Como recuerda Carmen Caro, Pío Baroja (San Sebastián, 1872-Madrid, 1956) suele estar asociado a la imagen de un anciano en boina y zapatillas, sentado en un mullido sofá y arropado por una mesa camilla, una estampa de su ‘última vejez’ que en nada hace justicia a un autor que fue un impenitente viajero.

La prueba más que palpable la tenemos en ‘Ciudades de Italia’, uno de sus últimos encargos editoriales, un libro escrito en 1949 y en el que el escritor vasco reunió las impresiones de todos sus viajes italianos.

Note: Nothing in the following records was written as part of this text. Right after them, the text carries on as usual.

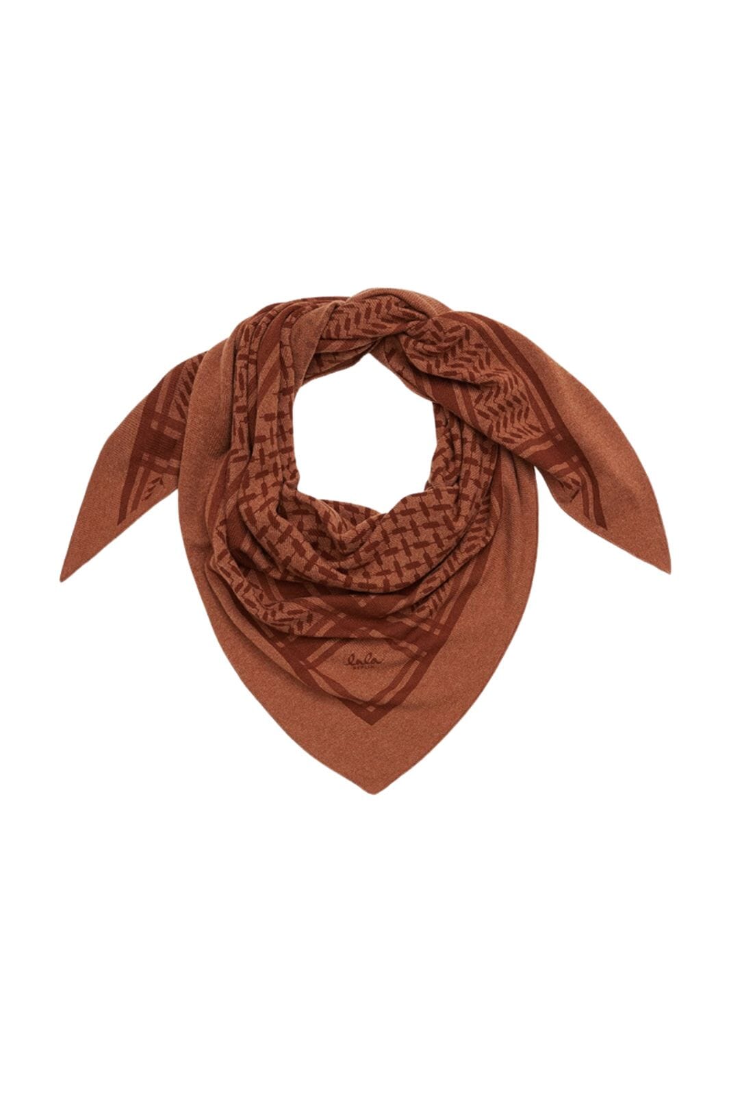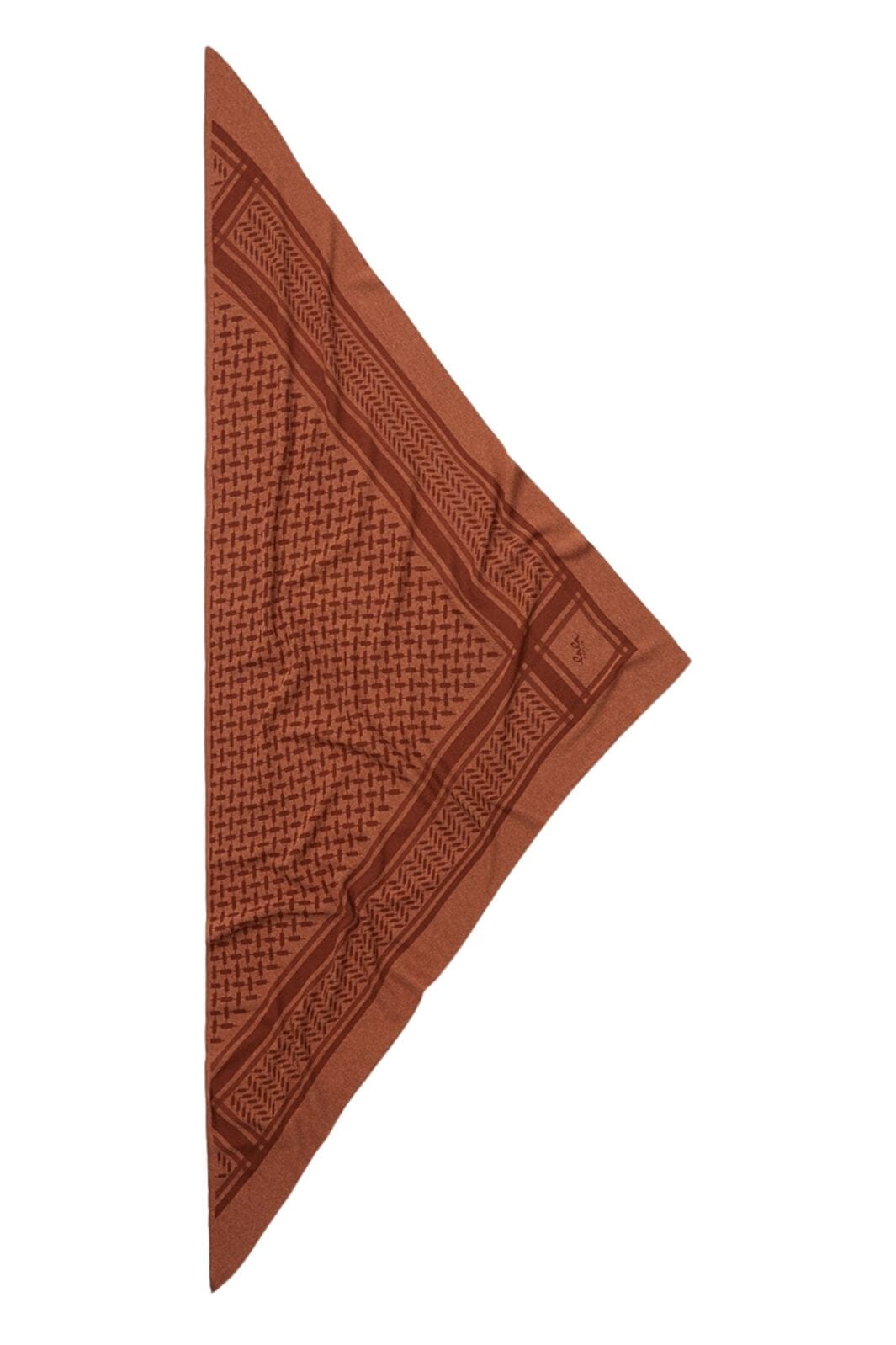 .Trekantet skjerf fra Lala Berlin i brun. Laget av kasjmir med fiskebensmønster og trykk langs kantene. Det trekantede designet gjør skjerfet enkelt å style på forskjellige måter.
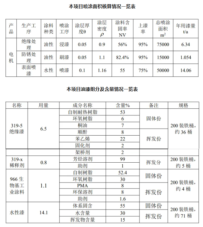 鐵桶規(guī)格為直徑580mm,高度900mm,總容積為237.6L。每個鐵桶裝油漆 裝319-5絕緣漆200L,高度為750mm,小于鐵桶總高度150mm符合。319-5 絕緣漆需要36桶,36*200*0.906=6.523.2噸,符合。319-x稀釋劑采用相同規(guī)格鐵桶,4桶總重量4*200*0.906=0.7244噸小于0.8噸,5桶總重量 5*200*0.906=0.906噸大于0.8噸,5桶用量符合。966生物基工業(yè)涂料采用相同規(guī)格鐵桶,6桶總重量4*200*1.42=1.136噸大于1.1噸,符合。水性漆采用相同規(guī)格鐵桶,71桶總重量71*200*1=14.2噸。符合根據(jù)以上分析,本項目理論319-5絕緣漆6.34 噸、319-x稀釋劑0.8噸966生物基工業(yè)涂料1.054噸、水性漆用量為14.06t/a,與建設單位提供的319-5絕緣漆6.5噸、319-x稀釋劑 0.8噸966生物基工業(yè)涂料1.1噸、水性漆用量為14.1t/a, 基本相符。
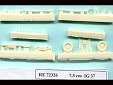 Čtrnáct součástek děla je odlito z pryskyřice světle béžové barvy. Přiloženo je rovněž 11 střel ráže 75 mm a 11 prázdných nábojnic. Kvalita odlití je velmi dobrá, s jemnými a čistými detaily. Jak je vidět na obrázku, díly jsou odlity na velkých blocích, přesto se zdá, že jejich oddělení ostrým skalpelem nebude problém. Pro sestavení modelu je zapotřebí zhotovit si podle návodu tři plastikové tyčinky. |
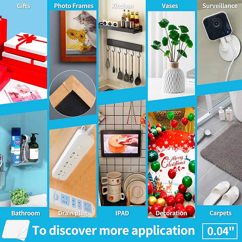 La tecnologia nano-micromolecolare rende il nostro nastro incredibilmente facile da applicare e rimuovere. Non dovrai più preoccuparti di residui appiccicosi o danni alle superfici. Basta attaccare, rimuovere quando necessario e riutilizzare, tutto senza complicazioni.
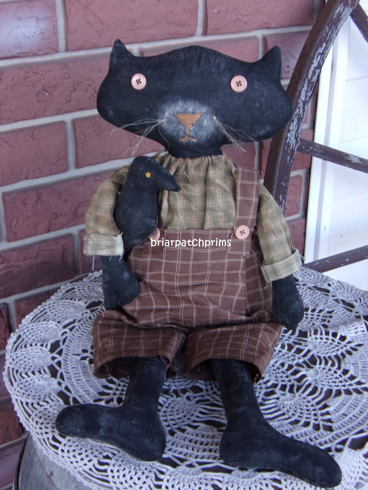 Title (ebay affiliate link): Primitive Cat Doll w his pet Crow Farmhouse Kitty Decoration Folk Art
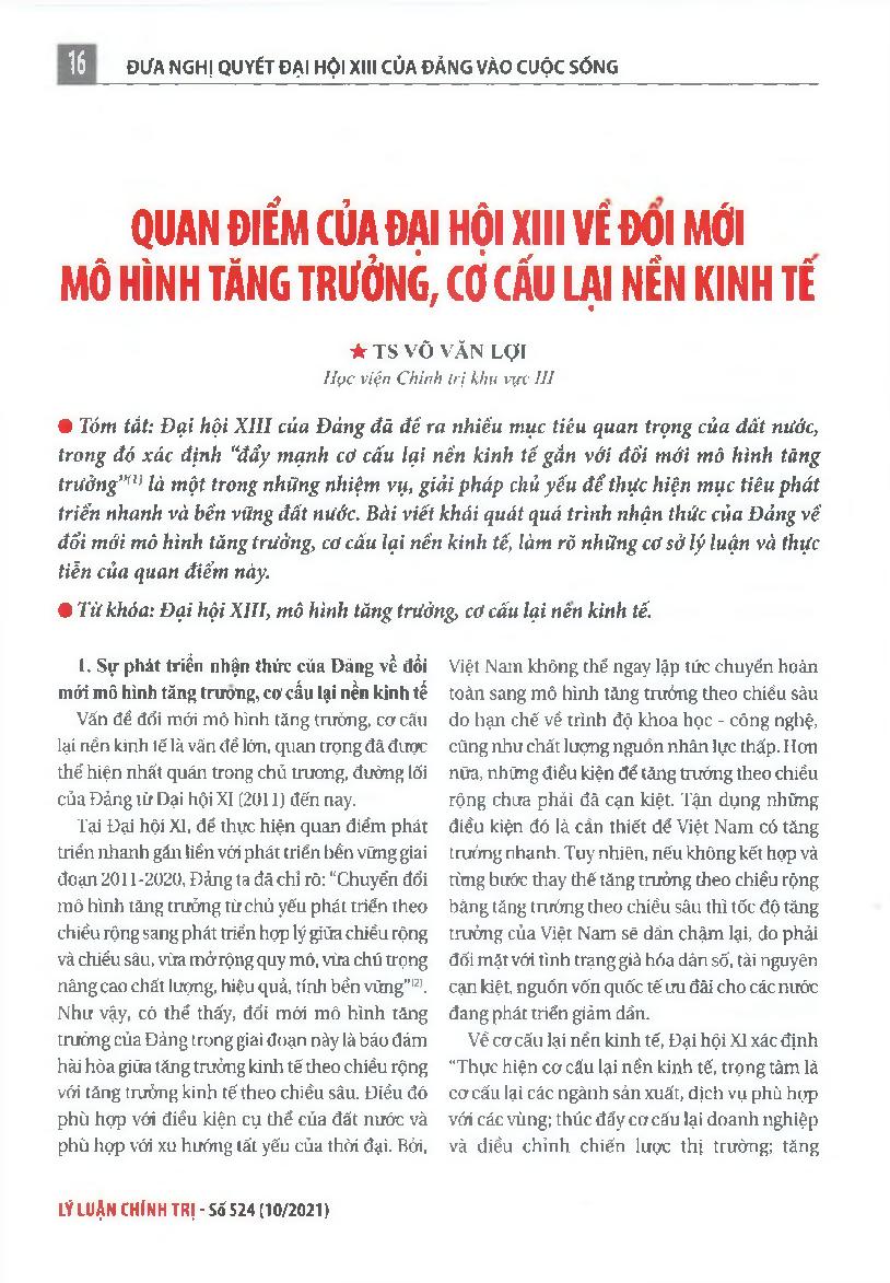 Quan điểm của Đại hội XIII về đổi mới mô hình tăng trưởng, cơ cấu lại nền kinh tế = The views of K.Marx and F.Engels on family and its application in building Vietnamese families

La editorial Caro Raggio tenía lista la reedición de la obra el año pasado, pero la pandemia retrasó su salida hasta 2021. Con la edición a cargo de Carmen Caro, sobrina nieta del autor y gran estudiosa de su obra, ‘Ciudades de Italia’ es una ocasión única para pasear por el país de los latinos de la mano de Baroja, que como recalca en varias ocasiones en el libro, nunca ejerció de turista y si viajaba era para buscar ambientación para sus novelas. De hecho, algunas de ellas, como ‘César o nada’ o ‘El laberinto de las sirenas’, están sustentadas en paseos que el autor comparte con los lectores en este hermoso y original libro.

Es la visión de Pío Baroja, pues, la de un escritor y no la de un turista impaciente, de ahí que opte casi siempre por paseos sin rumbo, mucho más provechosos que las visitas guiadas.

En ‘Ciudades de Italia’ descubrimos a un Baroja gran observador de la realidad que, con la salvedad de Florencia, prefiere las personas a los escenarios, algo que podemos constatar en sus garbeos por Nápoles, donde se nos revela como un fino antropólogo: «¡Qué galería de tipos! Gordos, flacos, sucios, limpios, rojos, pálidos, con pellicas de terciopelo o con una bufanda raída, con los pantalones deshilachados y las botas rotas, o almibarados como madamitas», dice de los abades con los que se topa.

También se nos revela como un entendido de la pintura renacentista, en especial de la prerrafaelita, de la que nos regala, cómo no, algunas pinceladas histórico-artísticas.

Pero es innegable que, pese a sus intentos, y aquí está el mayor atractivo del libro, el protagonismo no se lo llevan Roma, Bolonia, Nápoles ni Florencia sino su persona. En la obra nos topamos con un omnipresente Pío Baroja, convertido casi en personaje literario mientras alimenta con sus paseos las futuras narraciones.

En unos tiempos todavía no invadidos por el turismo a gran escala, el donostiarra tiene la ocasión de interactuar con auténticos personajes literarios como ese insufrible pastor protestante que le sigue a todos los sitios o la maravillosa historia de amor fallido con una hermosa y enigmática mujer de blanco. Literatura dentro de la literatura de viajes. Baroja en plena forma.